In other perhaps just as important news, the PBOC engaged in its first liquidity withdrawing repo in 8 months, when it conducted 48b yuan ($7.9b) of 14-day repos at 3.8% according to a statement posted on its website. The monetary authority last issued such contracts on June 6, when it sold 10b yuan of 28-day repos. In other words on one hand China provides record liquidity with one hand and bails out every insolvent WMP and Trust it can get its hands on, on the other it pretends to withdraw liquidity. Go figure.
In Europe, the bad news continues when the German ZEW index slid to 55.7, median est. 61.5; said investors concerned about U.S. economy losing momentum, expectations for Germany have declined; also note emerging market volatility. Also in Spain, the banking sector is not doing too hot following the latest news that bad loans as a percentage of total lending rose to 13.6% in December, marking a fresh record as credit shrank on a monthly basis.
Stocks in Europe failed to benefit from the decision by the BoJ to double the scale of its lending facilities which consequently saw the Nikkei 225 gain over 3% and JPY depreciate across the board, as attention turned to liquidity draining op by the PBOC, which was the first one since June. This prompted profit taking in gold and commodity linked currencies and in turn supported the bid tone in safe-haven assets. Demand for more defensive assets was further buoyed by the release of somewhat mixed German ZEW survey, while the release of softer than expected inflation data from the UK encouraged squaring of steepening bets. As a result, GBP underperformed its peers, while in spite of the release of weaker macroeconomic data and somewhat cautious sentiment, EUR/USD remained in positive territory, supported by the overnight surge by EUR/JPY. Going forward, market participants will get to digest the release of the latest Empire Manufacturing and TIC Flow reports.
US Event Calendar:
- 8:30am: Empire Manufacturing, Feb., est. 9.00 (prior 12.51)
- 9:00am: Net Long-term TIC Flows, Dec. est. $30b (prior - $29.3b)
- Total Net TIC Flows, Dec. (prior -$16.6b)
- 10:00am: NAHB Housing Market Index, Feb., est. 56 (prior 56) Central Banks
- 11:00am: POMO - Fed to purchase $3.75b-$4.5b in 2018-2019 sector
News bulletin from Bloomberg and RanSquawk
- JPY depreciated across the board and the Nikkei 225 index settled up over 3% after BoJ decided to double the scale of its Growth Supporting Funding Facility and Stimulating Bank Lending Facilities.
- PBOC drained CNY 48bln (14-day repo op) for the first time since June, highlighting concerns over recent decline in money market rates.
- UK headline CPI rate came in below exp. and below BoE's target for first time since Nov. 2009. ONS said that the largest downward contributors to the Y/Y rate were recreation and culture, furniture, alcohol and tobacco.

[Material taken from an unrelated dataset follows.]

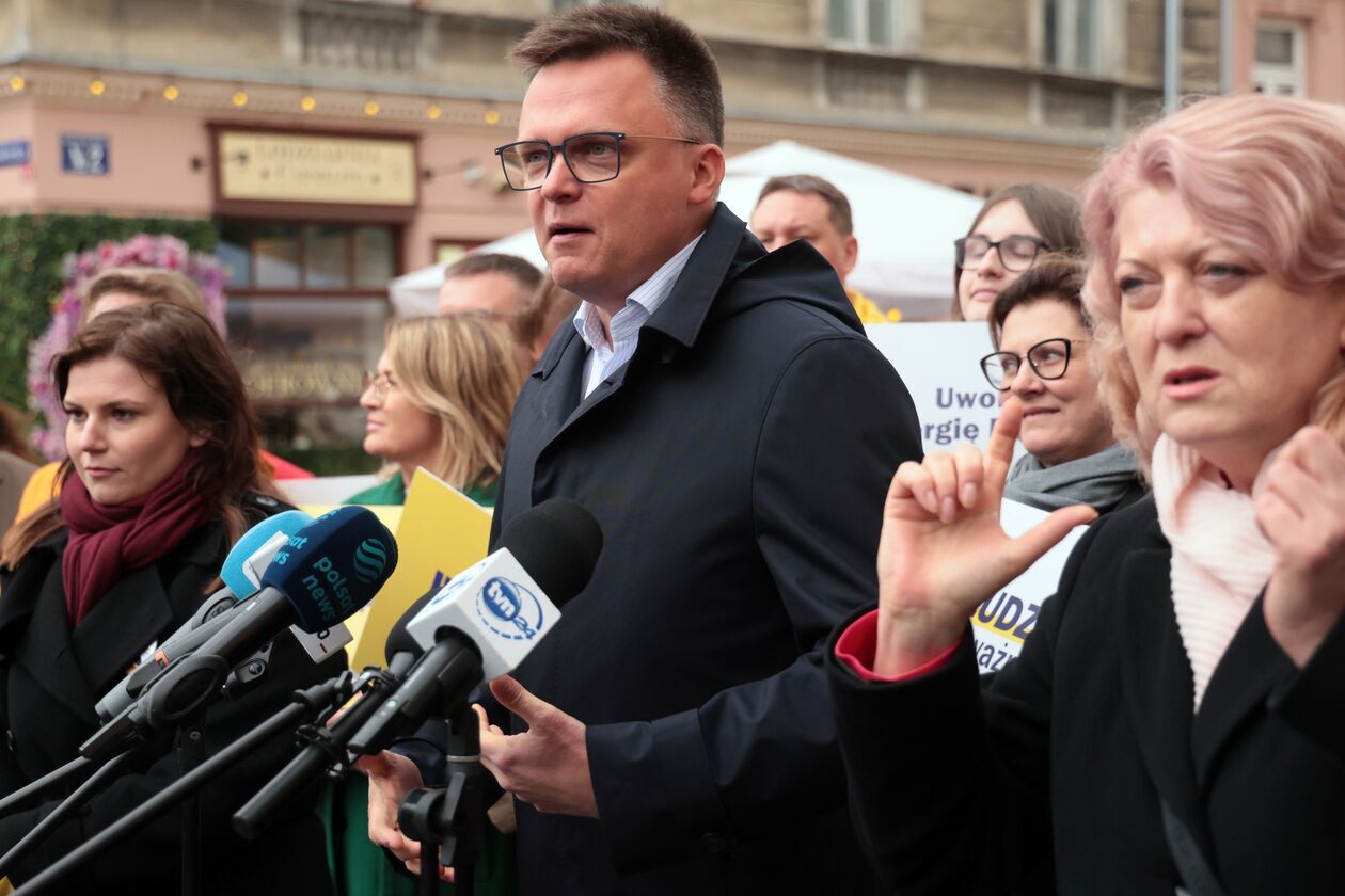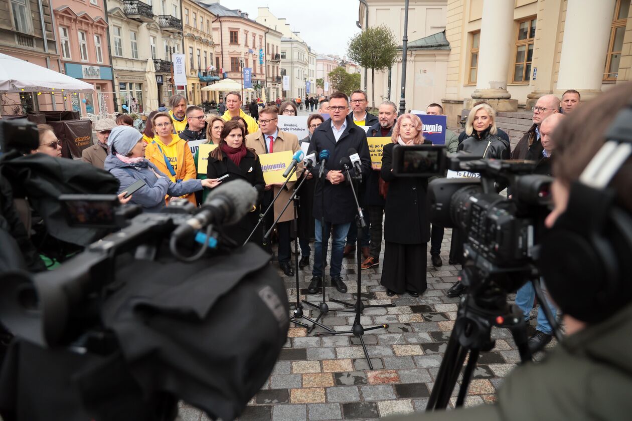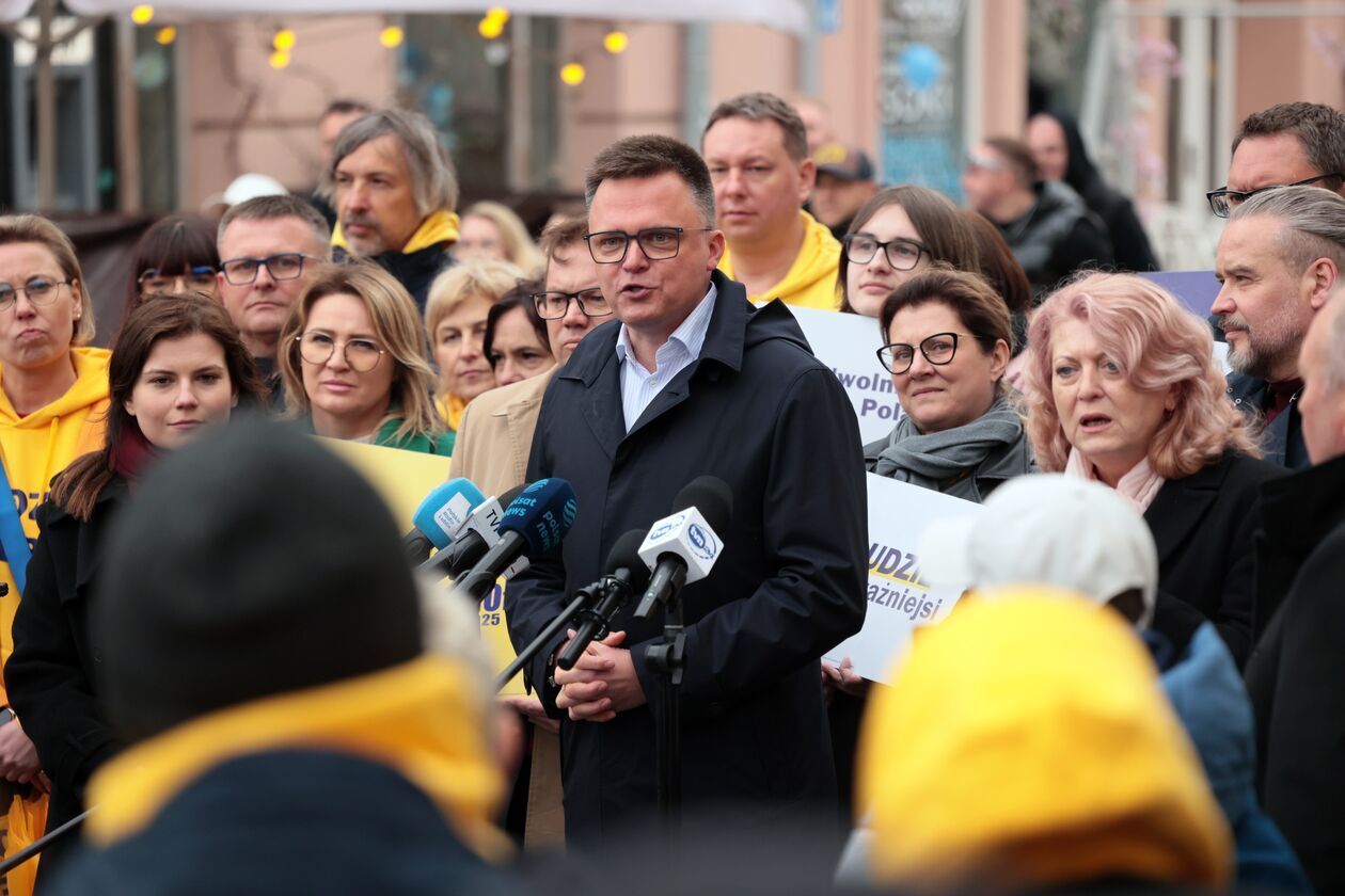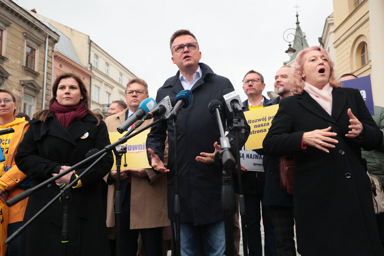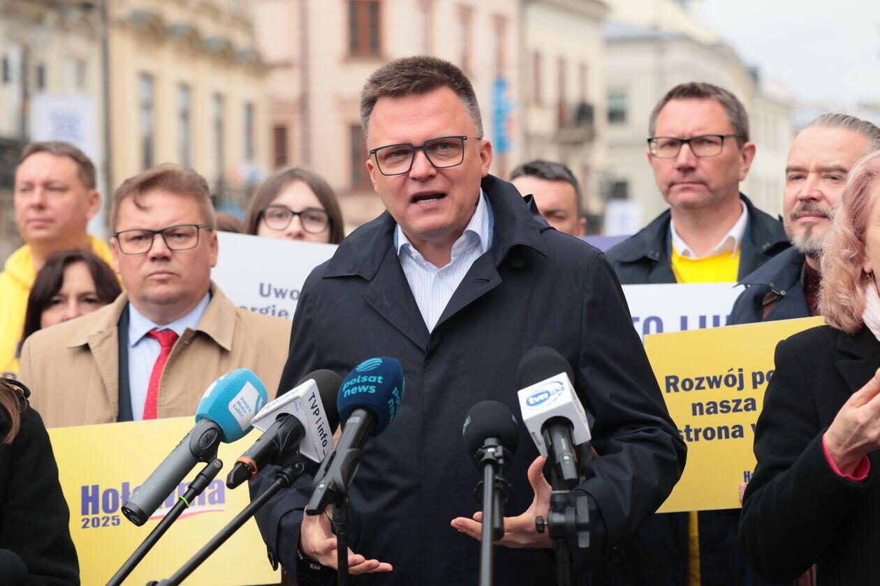 Konferencja prasowa kandydata na prezydenta Szymona Hołowni.

- Treasuries gain, 5Y and 7Y notes lead while 10Y yields trade near YTD highs amid gains for Nikkei, weakness in JPY.
- The BOJ doubled a funding tool to JPY7t ($68b) and said individual banks could borrow twice as much low-interest money as previously under a second facility. It left unchanged a pledge to expand the monetary base by JPY60t to JPY70t/year
- Japan’s GDP grew 1% in 4Q vs median estimate for 2.8% growth while capital spending rose by the most in two years and consumption picked up, trade deficits from surging imports and limited gains in exports dragged on the expansion
- Germany’s ZEW index slid to 55.7, median est. 61.5; said investors concerned about U.S. economy losing momentum, expectations for Germany have declined; also note emerging market volatility
- The Bundesbank said it is “open to a potential adjustment of current liquidity-absorbing operations” if such stabilize money market and liquidity conditions and “thereby signals more clearly than so far the accommodative monetary-policy stance of the Eurosystem”

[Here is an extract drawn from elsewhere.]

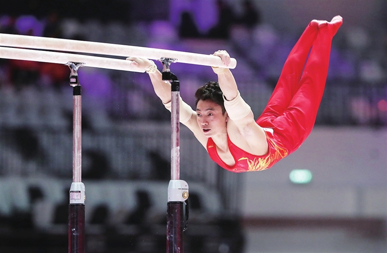 重回故地,邹敬园上演了全场最高难度6.0分的双杠动作,以超高质量拿到本届世锦赛开赛以来的单项最高分15.466分,其中包括0.1分的落地站稳奖励。
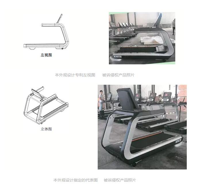 原告经调查发现,被告持有用于制造涉案侵权产品TZ-7000跑步机的专用设备、模具,并在其工厂内大量制造、组装、存储TZ-7000跑步机产品,并通过互联网大量销售及许诺销售上述侵权产品。鉴于此,原告泰诺健公司于2016年7月将被告天展公司诉至济南中院,请求判令被告停止侵权行为,即停止制造、许诺销售、销售侵犯原告外观设计专利权的跑步机产品,并赔偿原告实际损失人民币100万元及合理维权费用20万元。被控侵权跑步机产品与涉案专利的外观设计简单比对可参见下图:

- U.K. inflation unexpectedly cooled in December, slowing to below the Bank of England’s 2% target for the first time since November 2009
- The PBOC conducted 48b yuan ($7.9b) of 14-day repos at 3.8% today, according to a statement posted on its website. The monetary authority last issued such contracts on June 6, when it sold 10b yuan of 28-day repos
- Italy’s designated Prime Minister Matteo Renzi will start talks with party leaders today in a bid to win their support for his political program
- Ukrainian protesters seeking President Viktor Yanukovych’s ouster clashed with police as they tried to reach parliament to pressure lawmakers struggling to end a deadly three-month political standoff
- Three former Barclays Plc employees were charged by U.K. prosecutors with conspiring to manipulate Libor, bringing the number of people accused in global probes to more than a dozen
- Sovereign yields mostly lower. EU peripheral spreads tighter. Asian stocks mixed; Nikkei +3.13%, Shanghai -0.9%. European stocks lower, U.S. stock-index futures little changed. WTI crude higher, gold and copper lower
The BoJ decided to double the scale of its Growth Supporting Funding Facility and Stimulating Bank Lending Facility with the main growth funding program increased to JPY 7trl and both lending schemes extended by 1 year beyond the March 2014 deadline. Furthermore, the Bank of Japan unanimously retained its plan for JPY 60trl-70trl annual rise in the monetary base. (BBG) The extended programs were initially slated to expire in March of this year.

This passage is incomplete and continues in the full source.